# It's Wednesday Again...Free Oysters!



## Clay-Doh (Oct 2, 2007)

See ya up thereat Lattitudes behind the Hilton on PCola Beach if your going. Good weather for it!

I'll be up there around 6pm or so, but makin a stop at Hemingways for $1 fish taco's first. Love gettin my grub on for cheap on the beach on Wednesdays:thumbup:


----------



## Choozee (Jun 12, 2010)

Yeah, great deals for cheap! I often try the same plan you got goin' on tonight. Wish I could but I am still at work. You should try Lagunas on Sundays on the Boardwalk, bottomless Bloody Marys or Mimosas for $8. They have good food too. Then there's the $5 hamburger plate only at the bar at the Grand Marlin. YUM! Love me some cheap!


----------



## CORNBREAD616 (Jan 11, 2012)

Where are the free oysters at and how often does that happen?


----------



## LITECATCH (Oct 2, 2007)

During the summer months they have free oysters at Gilligans Tiki Bar behind the Hampton Inn on Pensacola Beach. When the weather turns cold they move it over to the Hilton's Lattitudes Tiki Bar. Really nice people, go check it out next Wed. night!


----------



## CORNBREAD616 (Jan 11, 2012)

Sounds great! Ya cant beat good food with great people for free. Ill try and be there. Need to expand my friend base anyway. Tired of fishing by myself unless on a boat.


----------



## TheRoguePirate (Nov 3, 2011)

well perhaps if you did not piss off half the forum with your comments you would have more friends. 

TRP


----------



## CORNBREAD616 (Jan 11, 2012)

TRP, seems like I hit a nerve when I was talking about the NAS pier that you seem to get off on. What is your name by the way. Seems like your a bit bitter towards anyone but yourself. I have no problems. I just choose to speak to people with some head sense. 

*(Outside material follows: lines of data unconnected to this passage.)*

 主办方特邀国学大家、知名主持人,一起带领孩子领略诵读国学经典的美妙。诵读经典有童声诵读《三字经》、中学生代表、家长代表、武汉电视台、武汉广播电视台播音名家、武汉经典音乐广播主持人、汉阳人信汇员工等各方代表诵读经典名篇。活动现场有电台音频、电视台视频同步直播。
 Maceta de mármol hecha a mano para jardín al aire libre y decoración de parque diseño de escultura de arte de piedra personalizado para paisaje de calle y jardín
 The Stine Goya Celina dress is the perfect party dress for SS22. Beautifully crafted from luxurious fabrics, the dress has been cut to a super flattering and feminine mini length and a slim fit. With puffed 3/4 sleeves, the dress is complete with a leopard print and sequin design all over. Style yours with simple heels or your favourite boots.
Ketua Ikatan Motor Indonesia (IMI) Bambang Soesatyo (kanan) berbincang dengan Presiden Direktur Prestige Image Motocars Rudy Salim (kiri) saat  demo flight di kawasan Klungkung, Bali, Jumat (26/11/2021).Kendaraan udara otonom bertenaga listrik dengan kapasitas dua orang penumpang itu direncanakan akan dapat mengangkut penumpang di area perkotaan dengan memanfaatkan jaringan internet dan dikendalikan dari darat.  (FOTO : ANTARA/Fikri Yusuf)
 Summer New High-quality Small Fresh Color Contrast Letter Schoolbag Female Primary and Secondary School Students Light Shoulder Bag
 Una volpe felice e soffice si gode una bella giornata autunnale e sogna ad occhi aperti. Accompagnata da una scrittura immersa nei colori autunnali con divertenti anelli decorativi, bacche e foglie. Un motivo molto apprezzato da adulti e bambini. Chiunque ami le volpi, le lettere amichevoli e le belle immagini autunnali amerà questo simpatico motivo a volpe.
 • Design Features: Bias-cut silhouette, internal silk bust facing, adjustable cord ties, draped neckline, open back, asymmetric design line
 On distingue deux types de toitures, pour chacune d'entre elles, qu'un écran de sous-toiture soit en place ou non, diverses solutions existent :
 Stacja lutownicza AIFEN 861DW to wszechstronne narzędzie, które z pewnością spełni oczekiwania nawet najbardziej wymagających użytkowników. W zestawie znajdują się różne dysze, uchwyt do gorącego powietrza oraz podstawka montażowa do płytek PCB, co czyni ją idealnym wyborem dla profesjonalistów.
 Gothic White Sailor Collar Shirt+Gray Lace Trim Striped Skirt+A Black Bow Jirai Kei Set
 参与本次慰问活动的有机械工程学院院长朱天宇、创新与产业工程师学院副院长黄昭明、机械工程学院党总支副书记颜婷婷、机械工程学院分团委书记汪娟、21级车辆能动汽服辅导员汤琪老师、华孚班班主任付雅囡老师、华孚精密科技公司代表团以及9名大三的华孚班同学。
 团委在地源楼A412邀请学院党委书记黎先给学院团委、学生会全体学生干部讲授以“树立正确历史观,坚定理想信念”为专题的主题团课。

But hey thanks for your comments. I find them useful.


----------



## TheRoguePirate (Nov 3, 2011)

my man...just pointing it out. no ill will or name callin, but if your going to post on public forums you better man up. not everyone will tell you what you want to hear all the time. Thick skin hombre, thick skin. Have a fine military day


----------



## BananaTom (Feb 16, 2008)

TheRoguePirate said:


> well perhaps if you did not piss off half the forum with your comments you would have more friends.
> 
> TRP


*TRP ~~ Are you Woody?? Hiding behind a second name again?*

*Just asking, as the Haterade signature mandates that thought.*


----------



## TheRoguePirate (Nov 3, 2011)

Woody?, sorry I am not woody. The hateraide was a test for the signature that i cant figure out how to replace, all my other jpgs/gifs will not upload. including a pic for under my name.

TRP


----------